Exercise objective
Give again, word for word, each line below starting at the one that contains "- Multiple Filtering" and ending at the one that contains "-. Binding : Toy".

Exercise input
◆ ◆ ◆ ◆

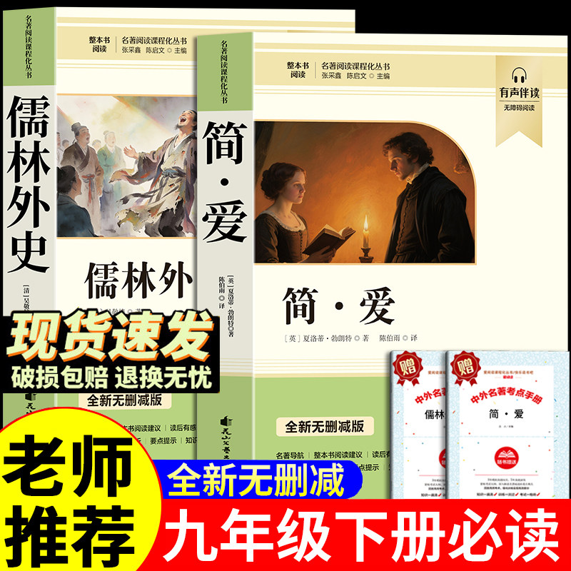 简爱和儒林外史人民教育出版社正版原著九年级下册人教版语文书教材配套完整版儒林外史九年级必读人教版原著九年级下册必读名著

◆ ◆ ◆ ◆

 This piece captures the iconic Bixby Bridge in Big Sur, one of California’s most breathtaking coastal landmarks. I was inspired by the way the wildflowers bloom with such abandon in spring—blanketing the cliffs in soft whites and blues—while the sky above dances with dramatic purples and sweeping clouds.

◆ ◆ ◆ ◆

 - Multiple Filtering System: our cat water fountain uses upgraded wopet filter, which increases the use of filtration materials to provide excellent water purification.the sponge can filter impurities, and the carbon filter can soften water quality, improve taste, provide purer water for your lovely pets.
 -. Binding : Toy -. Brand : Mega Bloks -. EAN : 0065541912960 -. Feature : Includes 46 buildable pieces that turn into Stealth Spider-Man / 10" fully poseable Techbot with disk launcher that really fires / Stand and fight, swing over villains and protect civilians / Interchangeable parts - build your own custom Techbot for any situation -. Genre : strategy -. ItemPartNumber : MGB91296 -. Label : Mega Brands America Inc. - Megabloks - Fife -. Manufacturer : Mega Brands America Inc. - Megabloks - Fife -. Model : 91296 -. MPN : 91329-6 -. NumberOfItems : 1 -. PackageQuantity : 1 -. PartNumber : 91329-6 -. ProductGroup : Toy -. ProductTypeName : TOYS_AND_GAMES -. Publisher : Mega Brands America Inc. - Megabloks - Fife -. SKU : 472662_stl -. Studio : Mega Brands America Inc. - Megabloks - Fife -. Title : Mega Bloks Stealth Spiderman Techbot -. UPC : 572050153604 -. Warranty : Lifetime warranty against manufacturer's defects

◆ ◆ ◆ ◆

Response
 - Multiple Filtering System: our cat water fountain uses upgraded wopet filter, which increases the use of filtration materials to provide excellent water purification.the sponge can filter impurities, and the carbon filter can soften water quality, improve taste, provide purer water for your lovely pets.
 -. Binding : Toy -. Brand : Mega Bloks -. EAN : 0065541912960 -. Feature : Includes 46 buildable pieces that turn into Stealth Spider-Man / 10" fully poseable Techbot with disk launcher that really fires / Stand and fight, swing over villains and protect civilians / Interchangeable parts - build your own custom Techbot for any situation -. Genre : strategy -. ItemPartNumber : MGB91296 -. Label : Mega Brands America Inc. - Megabloks - Fife -. Manufacturer : Mega Brands America Inc. - Megabloks - Fife -. Model : 91296 -. MPN : 91329-6 -. NumberOfItems : 1 -. PackageQuantity : 1 -. PartNumber : 91329-6 -. ProductGroup : Toy -. ProductTypeName : TOYS_AND_GAMES -. Publisher : Mega Brands America Inc. - Megabloks - Fife -. SKU : 472662_stl -. Studio : Mega Brands America Inc. - Megabloks - Fife -. Title : Mega Bloks Stealth Spiderman Techbot -. UPC : 572050153604 -. Warranty : Lifetime warranty against manufacturer's defects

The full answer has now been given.